Struggling to sort travel from Cambridge area, anyone coming from same direction able to give a lift? 

Thanks


----------



## mark49152 (Aug 9, 2017)

Please add me to clock!


----------



## Mollerz (Aug 9, 2017)

mark49152 said:


> Please add me to clock!



Done!


----------



## Rubix Cubix (Aug 9, 2017)

Can I be added to one handed please.


----------



## mark49152 (Aug 9, 2017)

Mollerz said:


> Done!


Thanks! Can't find a thread for Guildford Open - can you please add me to clock there as well? Thanks in advance.


----------



## Tyler Comfy Hat (Aug 9, 2017)

mark49152 said:


> Thanks! Can't find a thread for Guildford Open - can you please add me to clock there as well? Thanks in advance.

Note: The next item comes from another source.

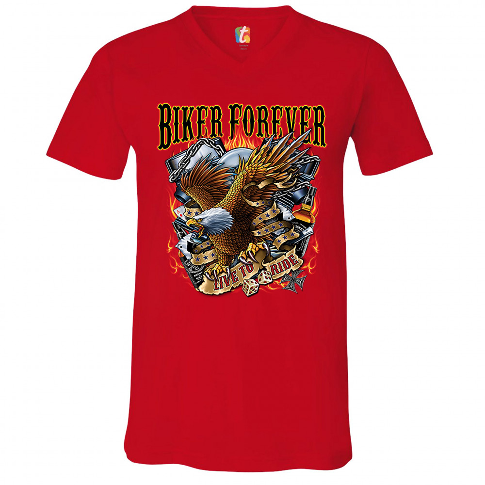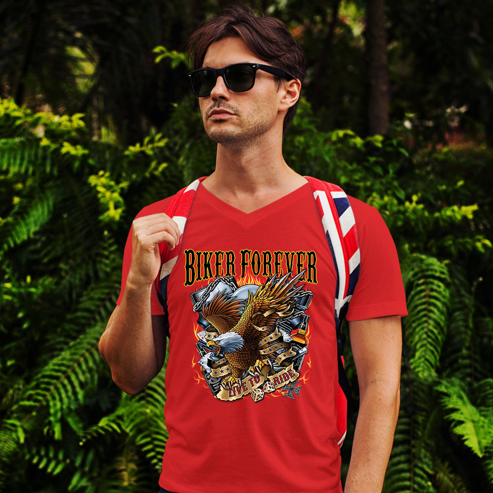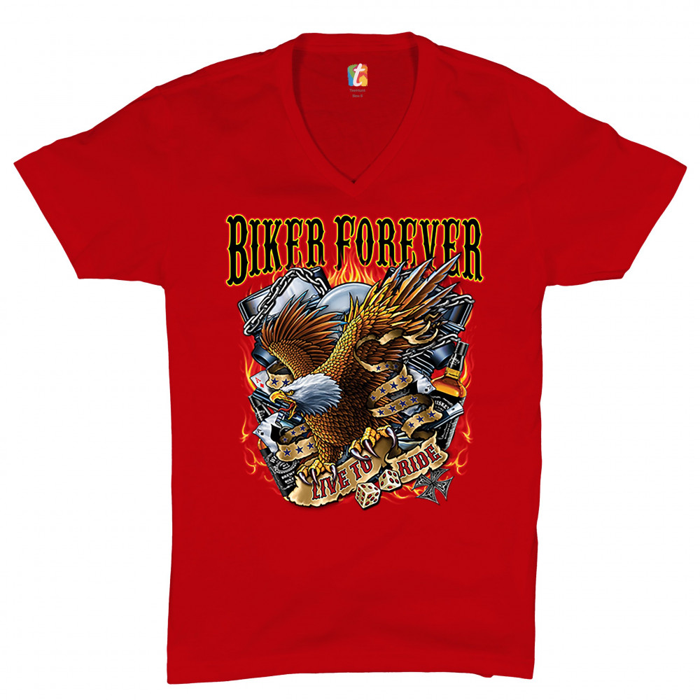 A print featuring an American bald eagle, holding a stripe with "live to ride" written on it, a v-engine in the background, a pair of dice and playing cards. At the top the print says: "biker forever". A great choice for a motorcycle enthusiast.

I'd make a thread for that too, but I'm not sure if I'm going, don't want to make a thread for a comp I'm not going to.

I only realized registration was open _after _all the places were full. Do you know if there's a chance of there being more spots open @Mollerz ? Or is the current competitor limit concrete? (For Guildford)


----------



## Mollerz (Aug 10, 2017)

mark49152 said:


> Thanks! Can't find a thread for Guildford Open - can you please add me to clock there as well? Thanks in advance.



Added, if you want faster responses your best bet is to email the organising team!



Tyler Comfy Hat said:


> I'd make a thread for that too, but I'm not sure if I'm going, don't want to make a thread for a comp I'm not going to.
> 
> I only realized registration was open _after _all the places were full. Do you know if there's a chance of there being more spots open @Mollerz ? Or is the current competitor limit concrete? (For Guildford)



You're more than welcome to add a thread if you wish. But a lot of the organisers barely browse speedsolving but we pretty frequently check emails. You're currently 15th on the waitlist so I'd say it's pretty unlikely you'll be able to come, the competitor limit is fixed I'm afraid.



Rubix Cubix said:


> Can I be added to one handed please.



Done


----------



## Tyler Comfy Hat (Aug 19, 2017)

Selling! If you find any of this stuff cheaper somewhere else (+Incl Shipping), I'll lower the price.

*3x3 speedcubes:*
-Mini FangShi ShuangRen (54.6mm) - *£2.00*
(Black, My sticker scheme, well broken in. No Box.)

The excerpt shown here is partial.